NEW YORK (Reuters) -U.S. prosecutors on Thursday charged three men with insider trading ahead of the proposed merger of former U.S. President Donald Trump’s social media company and a shell company in late 2021.
Michael Shvartsman, Gerald Shvartsman and Bruce Garelick allegedly made more than $22 million trading in Digital World Acquisition Corp (DWAC), a so-called special purpose acquisition company, or SPAC, based on tips about its planned combination with Trump Media & Technology Group.
The charges were announced by U.S. Attorney Damian Williams in Manhattan. Neither Trump nor his company was charged. DWAC did not immediately respond to requests for comment. Lawyers for the defendants could not immediately be identified.
Prosecutors said the alleged scheme began after the defendants invested in DWAC and Garelick became a director.

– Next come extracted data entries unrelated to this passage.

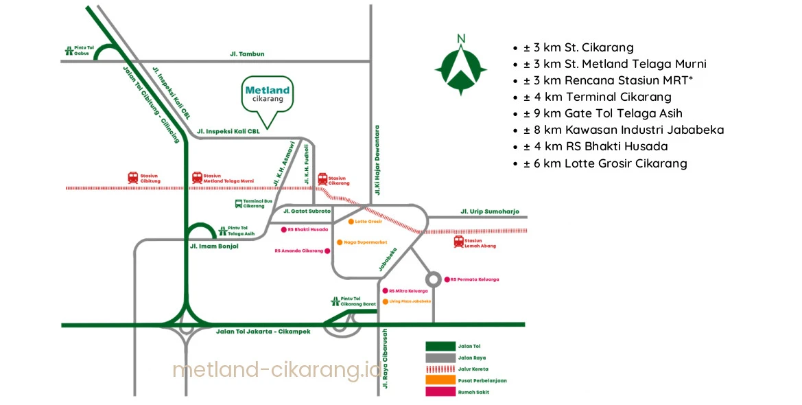 Lokasi Metland Cikarang Dimana lokasi Metland Cikarang ? Melihat peta lokasi dibawah, lokasi Metland Cikarang berada di dekat stasiun cikarang dan juga berdekatan dengan terminal cikarang.
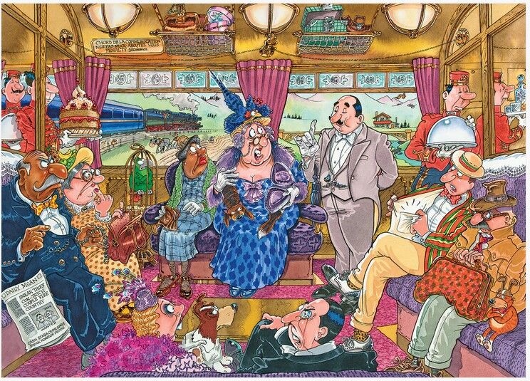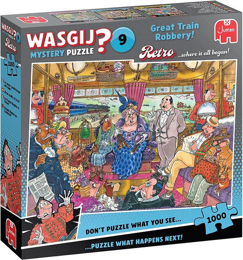 Puzzlemaße: 68 x 49 cm Inhalt: 1x Puzzle, 1x Lösungshinweis Die Fahrgäste sind beraubt worden! Aber wer könnte es gewesen sein und wo ist die Beute versteckt? Der Detektiv muss schnell kombinieren, wenn er die Diebe aufhalten will! Das ist die Perspektive, die...
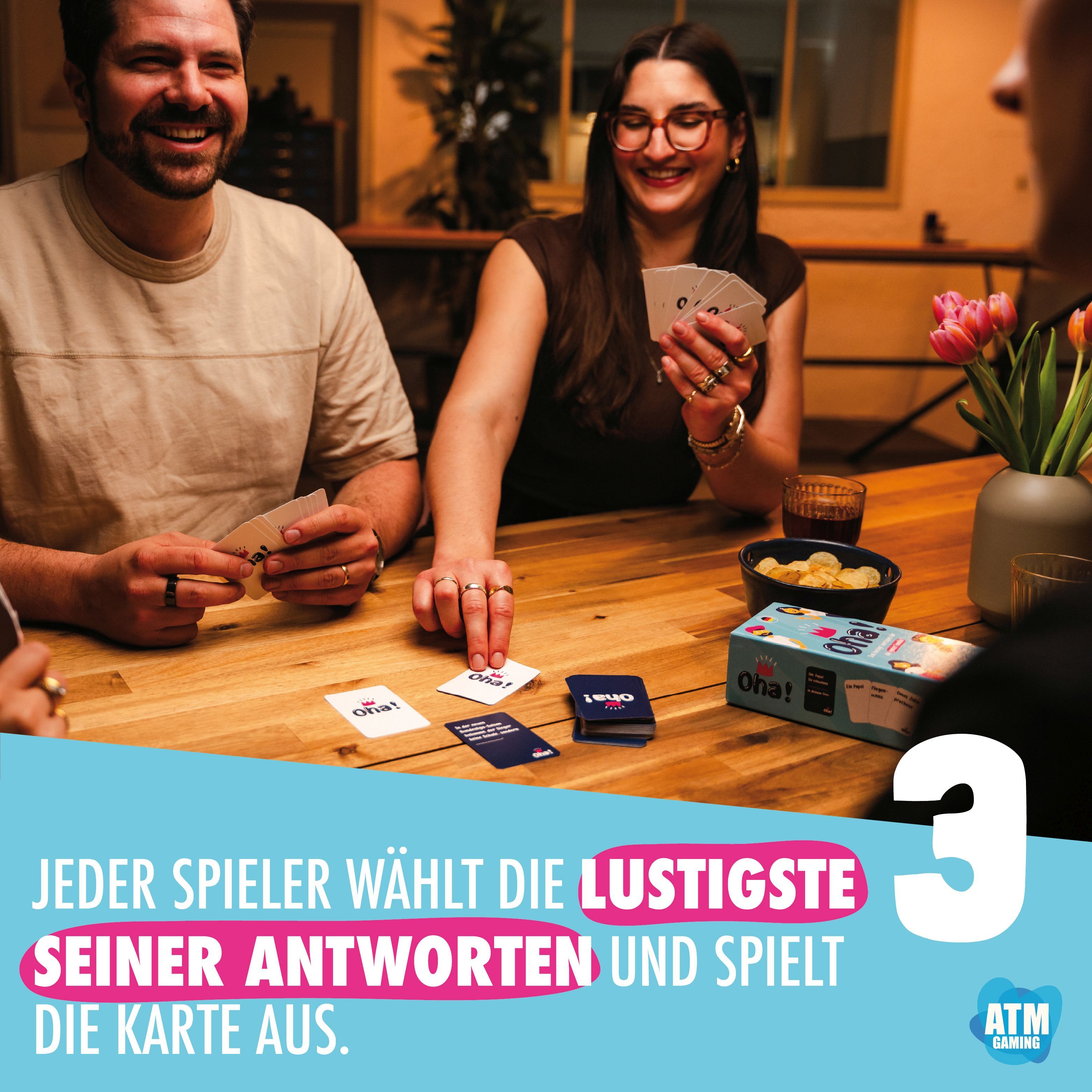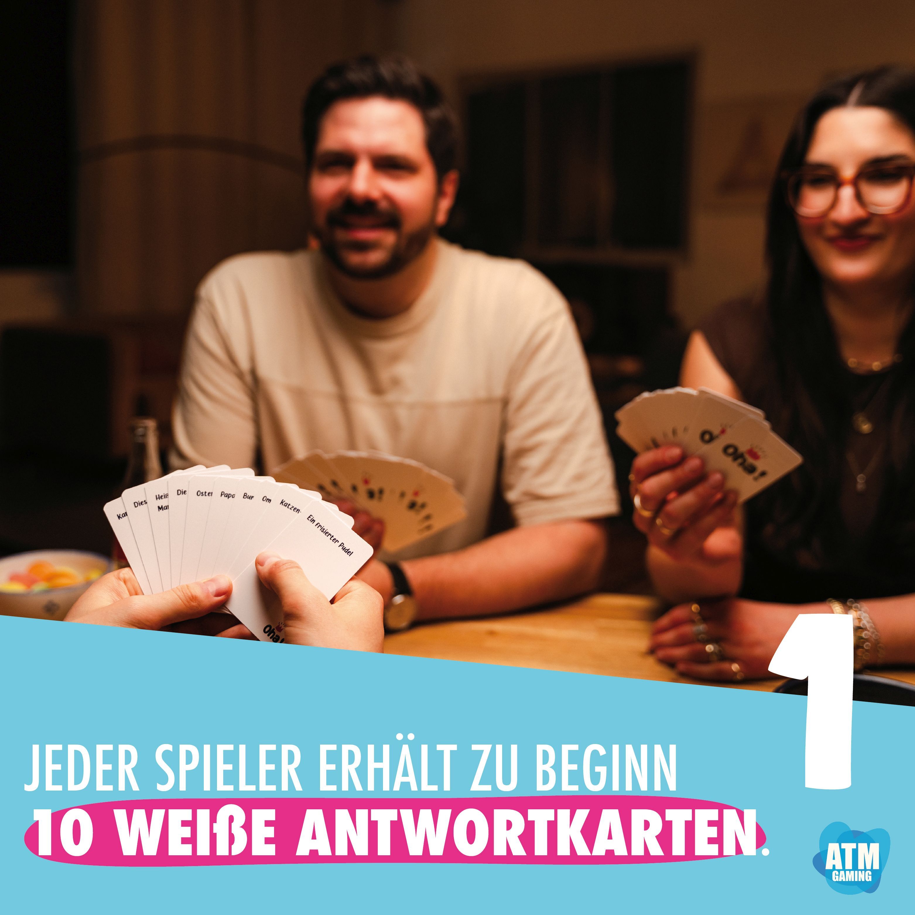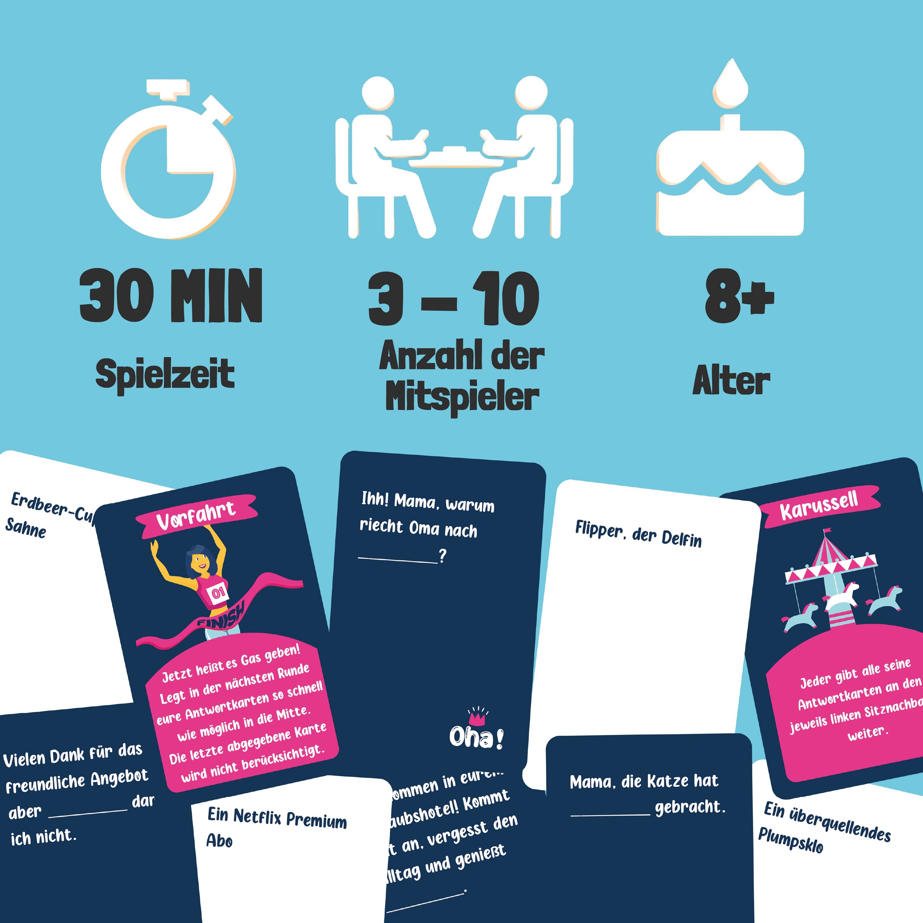 Wählt die richtigen Worte und erzeugt die witzigsten Kombinationen! Lese den Satz auf Deiner Karte laut vor. Alle anderen Spieler wählen nun eine möglichst witzige Antwortkarte aus ihrer Hand aus. Du entscheidest, welche Kombination gewinnt.

Garelick allegedly began providing the others with what he called “intelligence” about the status of merger talks and timing of a merger announcement.
The defendants, who live in Florida, then allegedly began buying DWAC securities and passed tips to others, and then sold them at a “significant profit” after the merger plans were announced.
Each defendant faces five to seven fraud and conspiracy charges that could lead to decades in prison.
The charges were part of four insider trading cases brought by Williams’ office against 10 people, including two charged in connection with a clinical trial for Pfizer Inc’s COVID-19 medicine Paxlovid.